» **YOUR GOAL**:
The whole listing below must be printed again exactly, images excluded.

» **COLLECTED DATA**:
+++

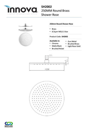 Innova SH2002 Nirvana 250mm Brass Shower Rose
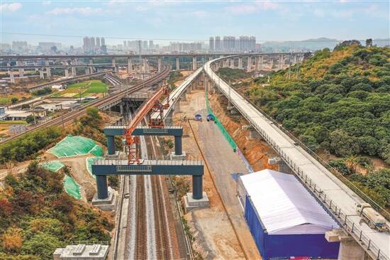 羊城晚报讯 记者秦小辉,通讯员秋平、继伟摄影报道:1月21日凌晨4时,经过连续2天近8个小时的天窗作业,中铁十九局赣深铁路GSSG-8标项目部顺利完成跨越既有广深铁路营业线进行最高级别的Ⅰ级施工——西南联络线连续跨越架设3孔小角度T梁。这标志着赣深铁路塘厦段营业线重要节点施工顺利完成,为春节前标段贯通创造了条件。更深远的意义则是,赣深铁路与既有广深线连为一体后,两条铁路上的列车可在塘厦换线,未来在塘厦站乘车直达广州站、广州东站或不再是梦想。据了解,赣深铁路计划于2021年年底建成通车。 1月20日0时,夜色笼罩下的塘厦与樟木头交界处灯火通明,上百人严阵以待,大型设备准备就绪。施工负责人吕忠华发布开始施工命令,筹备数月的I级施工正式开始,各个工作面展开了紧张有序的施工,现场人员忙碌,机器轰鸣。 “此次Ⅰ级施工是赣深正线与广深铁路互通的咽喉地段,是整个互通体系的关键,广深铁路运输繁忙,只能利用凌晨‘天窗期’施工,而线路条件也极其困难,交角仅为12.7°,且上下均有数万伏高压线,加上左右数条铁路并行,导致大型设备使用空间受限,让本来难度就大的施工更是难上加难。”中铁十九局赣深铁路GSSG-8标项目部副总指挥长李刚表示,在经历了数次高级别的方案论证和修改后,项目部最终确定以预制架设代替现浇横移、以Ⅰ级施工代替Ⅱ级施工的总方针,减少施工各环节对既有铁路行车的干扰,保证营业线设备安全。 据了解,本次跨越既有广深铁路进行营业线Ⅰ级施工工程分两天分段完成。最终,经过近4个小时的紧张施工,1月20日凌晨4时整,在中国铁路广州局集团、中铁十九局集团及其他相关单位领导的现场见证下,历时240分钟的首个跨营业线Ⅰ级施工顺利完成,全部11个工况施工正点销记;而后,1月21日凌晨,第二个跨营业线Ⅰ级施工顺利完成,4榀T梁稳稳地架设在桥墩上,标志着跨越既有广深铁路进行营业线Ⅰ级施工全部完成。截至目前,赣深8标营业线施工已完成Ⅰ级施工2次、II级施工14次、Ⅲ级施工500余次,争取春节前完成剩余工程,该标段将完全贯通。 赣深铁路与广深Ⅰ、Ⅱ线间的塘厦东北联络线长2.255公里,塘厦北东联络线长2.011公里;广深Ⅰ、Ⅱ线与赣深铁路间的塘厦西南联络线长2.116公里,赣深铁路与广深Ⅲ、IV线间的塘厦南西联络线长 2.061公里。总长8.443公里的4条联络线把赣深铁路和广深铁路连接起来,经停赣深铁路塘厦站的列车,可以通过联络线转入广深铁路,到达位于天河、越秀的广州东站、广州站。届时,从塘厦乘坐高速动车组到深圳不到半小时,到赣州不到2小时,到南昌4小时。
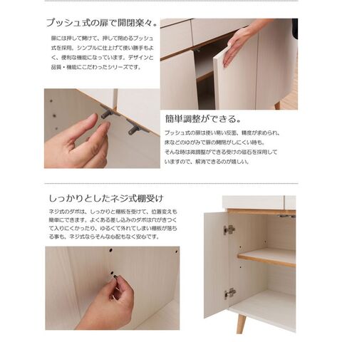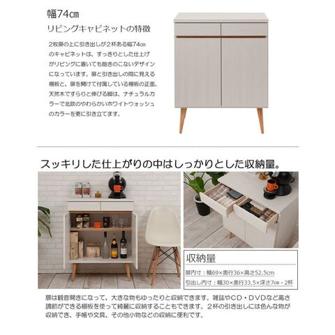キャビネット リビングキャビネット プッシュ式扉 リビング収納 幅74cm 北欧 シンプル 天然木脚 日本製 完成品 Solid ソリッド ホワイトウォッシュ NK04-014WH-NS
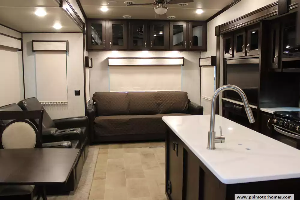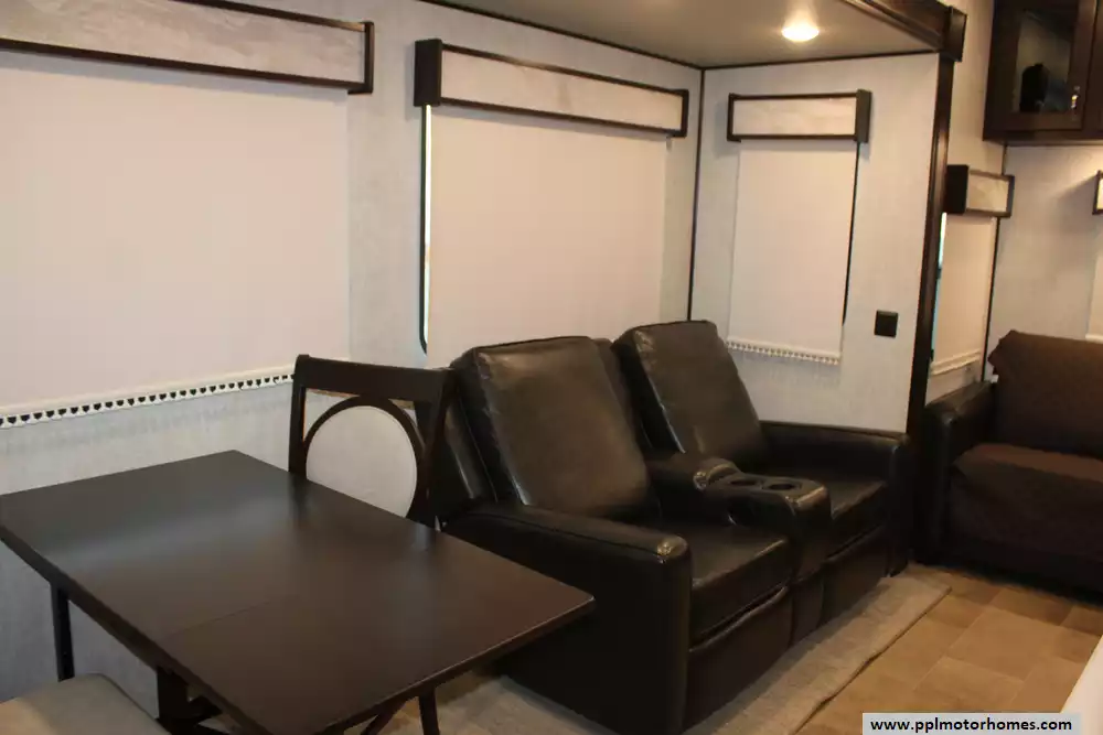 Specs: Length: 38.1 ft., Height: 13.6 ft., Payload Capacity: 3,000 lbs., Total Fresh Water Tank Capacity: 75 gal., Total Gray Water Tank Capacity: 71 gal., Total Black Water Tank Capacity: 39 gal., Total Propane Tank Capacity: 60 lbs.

+++

» **ANSWER TO THE EXERCISE**:
 Innova SH2002 Nirvana 250mm Brass Shower Rose
 羊城晚报讯 记者秦小辉,通讯员秋平、继伟摄影报道:1月21日凌晨4时,经过连续2天近8个小时的天窗作业,中铁十九局赣深铁路GSSG-8标项目部顺利完成跨越既有广深铁路营业线进行最高级别的Ⅰ级施工——西南联络线连续跨越架设3孔小角度T梁。这标志着赣深铁路塘厦段营业线重要节点施工顺利完成,为春节前标段贯通创造了条件。更深远的意义则是,赣深铁路与既有广深线连为一体后,两条铁路上的列车可在塘厦换线,未来在塘厦站乘车直达广州站、广州东站或不再是梦想。据了解,赣深铁路计划于2021年年底建成通车。 1月20日0时,夜色笼罩下的塘厦与樟木头交界处灯火通明,上百人严阵以待,大型设备准备就绪。施工负责人吕忠华发布开始施工命令,筹备数月的I级施工正式开始,各个工作面展开了紧张有序的施工,现场人员忙碌,机器轰鸣。 “此次Ⅰ级施工是赣深正线与广深铁路互通的咽喉地段,是整个互通体系的关键,广深铁路运输繁忙,只能利用凌晨‘天窗期’施工,而线路条件也极其困难,交角仅为12.7°,且上下均有数万伏高压线,加上左右数条铁路并行,导致大型设备使用空间受限,让本来难度就大的施工更是难上加难。”中铁十九局赣深铁路GSSG-8标项目部副总指挥长李刚表示,在经历了数次高级别的方案论证和修改后,项目部最终确定以预制架设代替现浇横移、以Ⅰ级施工代替Ⅱ级施工的总方针,减少施工各环节对既有铁路行车的干扰,保证营业线设备安全。 据了解,本次跨越既有广深铁路进行营业线Ⅰ级施工工程分两天分段完成。最终,经过近4个小时的紧张施工,1月20日凌晨4时整,在中国铁路广州局集团、中铁十九局集团及其他相关单位领导的现场见证下,历时240分钟的首个跨营业线Ⅰ级施工顺利完成,全部11个工况施工正点销记;而后,1月21日凌晨,第二个跨营业线Ⅰ级施工顺利完成,4榀T梁稳稳地架设在桥墩上,标志着跨越既有广深铁路进行营业线Ⅰ级施工全部完成。截至目前,赣深8标营业线施工已完成Ⅰ级施工2次、II级施工14次、Ⅲ级施工500余次,争取春节前完成剩余工程,该标段将完全贯通。 赣深铁路与广深Ⅰ、Ⅱ线间的塘厦东北联络线长2.255公里,塘厦北东联络线长2.011公里;广深Ⅰ、Ⅱ线与赣深铁路间的塘厦西南联络线长2.116公里,赣深铁路与广深Ⅲ、IV线间的塘厦南西联络线长 2.061公里。总长8.443公里的4条联络线把赣深铁路和广深铁路连接起来,经停赣深铁路塘厦站的列车,可以通过联络线转入广深铁路,到达位于天河、越秀的广州东站、广州站。届时,从塘厦乘坐高速动车组到深圳不到半小时,到赣州不到2小时,到南昌4小时。
キャビネット リビングキャビネット プッシュ式扉 リビング収納 幅74cm 北欧 シンプル 天然木脚 日本製 完成品 Solid ソリッド ホワイトウォッシュ NK04-014WH-NS
 Specs: Length: 38.1 ft., Height: 13.6 ft., Payload Capacity: 3,000 lbs., Total Fresh Water Tank Capacity: 75 gal., Total Gray Water Tank Capacity: 71 gal., Total Black Water Tank Capacity: 39 gal., Total Propane Tank Capacity: 60 lbs.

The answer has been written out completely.